Explore Spark Streaming in Azure Synapse Analytics
In this exercise, you’ll use Spark Structured Streaming and delta tables in Azure Synapse Analytics to process streaming data.
This lab will take approximately 15 minutes to complete.
Before you start
You’ll need an Azure subscription in which you have administrative-level access.
Provision a Synapse Analytics workspace
To use Synapse Analytics, you must provision a Synapse Analytics Workspace resource in your Azure subscription.
-
Open the Azure portal at Azure portal, and sign in using the credentials associated with your Azure subscription.
Note: Ensure you are working in the directory containing your own subscription - indicated at the top right under your user ID. If not, select the user icon and switch directory.
- In the Azure portal, on the Home page, use the + Create a resource icon to create a new resource.
- Search for Azure Synapse Analytics, and create a new Azure Synapse Analytics resource with the following settings:
- Subscription: Your Azure subscription
- Resource group: Create a new resource group with a suitable name, like “synapse-rg”
- Managed resource group: Enter an appropriate name, for example “synapse-managed-rg”.
- Workspace name: *Enter a unique workspace name, for example “synapse-ws-
*. - Region: Select any available region.
- Select Data Lake Storage Gen 2: From subscription
- Account name: *Create a new account with a unique name, for example “datalake
"*. - File system name: *Create a new file system with a unique name, for example “fs
"*.
- Account name: *Create a new account with a unique name, for example “datalake
Note: A Synapse Analytics workspace requires two resource groups in your Azure subscription; one for resources you explicitly create, and another for managed resources used by the service. It also requires a Data Lake storage account in which to store data, scripts, and other artifacts.
- Subscription: Your Azure subscription
- When you’ve entered these details, select Review + create, and then select Create to create the workspace.
- Wait for the workspace to be created - this may take five minutes or so.
- When deployment is complete, go to the resource group that was created and notice that it contains your Synapse Analytics workspace and a Data Lake storage account.
- Select your Synapse workspace, and in its Overview page, in Open Synapse Studio card, select Open to open Synapse Studio in a new browser tab. Synapse Studio is a web-based interface that you can use to work with your Synapse Analytics workspace.
-
On the left side of Synapse Studio, use the ›› icon to expand the menu - this reveals the different pages within Synapse Studio that you will use to manage resources and perform data analytics tasks, as shown here:
Create a Spark pool
To use Spark to process streaming data, you need to add a Spark pool to your Azure Synapse workspace.
- In Synapse Studio, select the Manage page.
- Select the Apache Spark pools tab, and then use the + New icon to create a new Spark pool with the following settings:
- Apache Spark pool name: sparkpool
- Node size family: Memory Optimized
- Node size: Small (4 vCores / 32 GB)
- Autoscale: Enabled
- Number of nodes 3—-3
- Review and create the Spark pool, and then wait for it to be deployed (which may take a few minutes).
Explore stream processing
To explore stream processing with Spark, you’ll use a notebook that contains Python code and notes to help you perform some basic stream processing with Spark Structured Streaming and delta tables.

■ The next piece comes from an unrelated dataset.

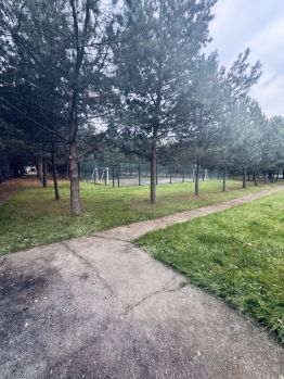 Есть большой участок засаженный соснами, где можно гулять и дышать свежим воздухом, на котором также расположена спортивная площадка (в удовлетворительном состоянии).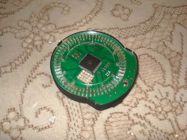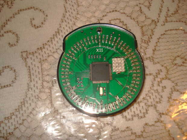 La batería es una batería de litio recargable ion botón y está cargada de un micro conector USB. Duración de la batería depende de cómo es utilizado el reloj de bolsillo, pero si usted lo deja solo, se estima que dure varios meses. Existe una función de indicación de batería baja. Este bolsillo ver también característica de un zumbador y un motor de vibración, que se utilizan para la función de alarma, y el motor hace un corto "tick" cada segundo pasa. El reloj de bolsillo está construido de un PCB, dos piezas del laser de cortan de plástico acrílico transparente, y un 3D impresa cubierta.

- Download the Structured Streaming and Delta Tables.ipynb notebook to your local computer (if the notebook is opened as a text file in your browser, save it to a local folder; being careful to save it as Structured Streaming and Delta Tables.ipynb, not as a .txt file)
- In Synapse Studio, select the Develop page.
- On the + menu, select ↤ Import, and select the Structured Streaming and Delta Tables.ipynb file on your local computer.
- Follow the instructions in the notebook to attach it to your Spark pool and run the code cells it contains to explore various ways to use Spark for stream processing.
Delete Azure resources
Note: If you intend to complete other exercises that use Azure Synapse Analytics, you can skip this section. Otherwise, follow the steps below to avoid unnecessary Azure costs.
- Close the Synapse Studio browser tab, without saving any changes, and return to the Azure portal.
- On the Azure portal, on the Home page, select Resource groups.
- Select the resource group for your Synapse Analytics workspace (not the managed resource group), and verify that it contains the Synapse workspace, storage account, and Data Explorer pool for your workspace (if you completed the previous exercise, it will also contain a Spark pool).
- At the top of the Overview page for your resource group, select Delete resource group.
-
Enter the resource group name to confirm you want to delete it, and select Delete.
After a few minutes, your Azure Synapse workspace and the managed workspace associated with it will be deleted.